Plaintiff, a former state prisoner proceeding pro se, brings this civil rights action pursuant to 42 U.S.C. § 1983. Pending before the court is a motion for reconsideration (Doc. 434) of the magistrate judge's November 4, 2010, order. In that order, the magistrate judge denied defendant's motion for a four-day extension of time to file a motion for summary judgment (ECF No. 419), and struck the defendant's motion for summary judgment (ECF No. 422). Plaintiff has filed a response to the motion for reconsideration, ECF No. 439.
Pursuant to Eastern District of California Local Rule 303(f), a magistrate judge's order shall be upheld unless "clearly erroneous or contrary to law." Upon review of the entire file, the court finds that the magistrate judge's ruling was contrary to law, and is therefore REVERSED.
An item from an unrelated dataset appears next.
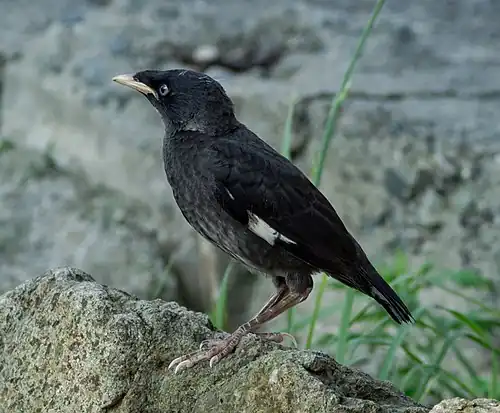 The crested myna (Acridotheres cristatellus), also known as the Chinese starling, is a species of starling in the genus Acridotheres native to southeastern China and Indochina.[2][3] It is named after the tuft of feathers on its forehead that resembles a crest.[3]

This § 1983 action stems from an alleged prison rape of petitioner. Plaintiff alleges that he was denied medical care after the alleged assault, and that he was retaliated against for reporting the assault. On July 30, 2010, the magistrate judge issued an order setting October 22, 2010 as the deadline for filing dispositive motions. ECF No. 402. The order stated "requests to further continue the deadline is discouraged, and will only be granted upon a showing of good cause." Id. 2:11. Nonetheless, on October 22, 2010 defendant requested a six-day extension of time to file a motion for summary judgment. ECF. No. 419. In that motion, defendant's counsel explained that additional time was needed for internal review of the summary judgment motion by a supervisor, as required by a policy in the Attorney General's office. Decl. J. Steele, ECF No. 419. Mr. Steele also stated that he had been on medical leave from August 25 through September 8, 2010. On October 28, 2010, the defendant filed a motion for summary judgment, ECF No. 422.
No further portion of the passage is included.